Lodgepole Vertical Wells Are Not Fracked -- North Dakota, USA

At least that's my understanding. Link for extensive background. If I'm wrong, someone will correct me.

Encore and QEP With Two (2) Nice Wells -- Bakken, North Dakota, USA

Coming off the confidential list today:
The QEP well came in with 954 bbls in the first month (30 days of production) but then in 30 days in December, 2010, came in with 19,771 bbls. Either timing of the fracking or takeaway issues resulted in the wide spread is my hunch. 

Murphy Creek is turning out to be a good field. But Murphy Field is one of the biggest fields in the Williston Basin. It is the north half that is the better half, and this Encore well is in the north half of the field.

BEXP: New Presentation Today -- Bakken, North Dakota, USA

New BEXP presentation today (a PDF link).

Some highlights:
  • Slide 7: notice how number of wells/spacing unit has increased from three (3) to six (6) over time
  • Slide 8: notice how wells with EURs of 500 - 700,000 bbls continue to produce for 20 years; albeit not much in the out-years.

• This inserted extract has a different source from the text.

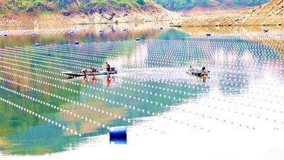 近日,在酉阳县金家坝水库,养殖工人正开展“鱼蚌共生”生态养殖作业,水面上呈网格状排布的浮标下悬着三角帆蚌苗,与鲢鱼形成“蚌滤水、鱼肥蚌”的生态闭环。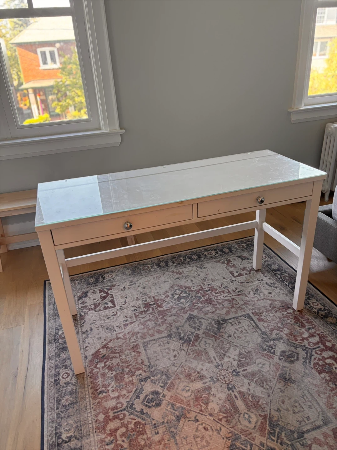 Hemnes IKEA Desk - White with 2 drawers & glass top

As the wells are abandoned, the pads will revert back to farmland (wind turbines will be there forever)
  • Slide 10: notice how the "pie" has grown; from 30 to 70 million bbls of proved reserves; mostly oil
  • Slide 22: it looks like BEXP is averaging about 34 fracture stages/lateral
  • Slide 23: shows the interval between fracking stages; as little as 250'
  • Slide 26: growth in production is staggering (the trajectory should continue)
  • Slide 26 and slide 28 : average daily volume 3Q10 was 6,356 bopd; all of this oil (6,935 bopd) was hedged between $65 and $100
Other comments:
  • Slide 19: a pat on the back. I think I was the first to post that fracturing in the Bakken only seemed to be effective about 500 feet out from the wellbore (that was posted so long ago, I may not be able to find the link). And sure enough, laterals are being laid about 1000 feet apart from each other. 

Investors Only: How Much Will $10 Billion Buy You?

Folks who have invested in the Bakken have had a pretty good run, but with the price of oil coming down a bit, there might be some concern there may be a pullback in the stock market.

But I still feel very comfortable with the energy sector, despite some expected volatility.

I was sent this link which will be interesting to follow.
Loews Corp, run by the billionaire Tisch family, reported its best quarter of the year ...
Shares of Loews touched year highs ... with Loews rising as much as 9 percent ...
... and said it was looking at acquisitions in the energy sector.
Tisch added that any deal would be paid for with Loews Corp's cash reserves and expects the deal size to be less than $10 billion.
How much would $10 billion buy you? About a million net mineral acres in the Bakken --- the market cap of Continental Resources (CLR) is just under $11 billion.  

Fortunately, Lowes/Tisch sentiment has been offshore.
Tisch said contract driller Diamond Offshore, in which Loews has a majority stake as of Sept. 30, had the size and skill to compete against the combination of its smaller rivals Ensco Plc and Pride International Inc. ...
Any $10 billion in the energy sector should positively impact most companies in the sector.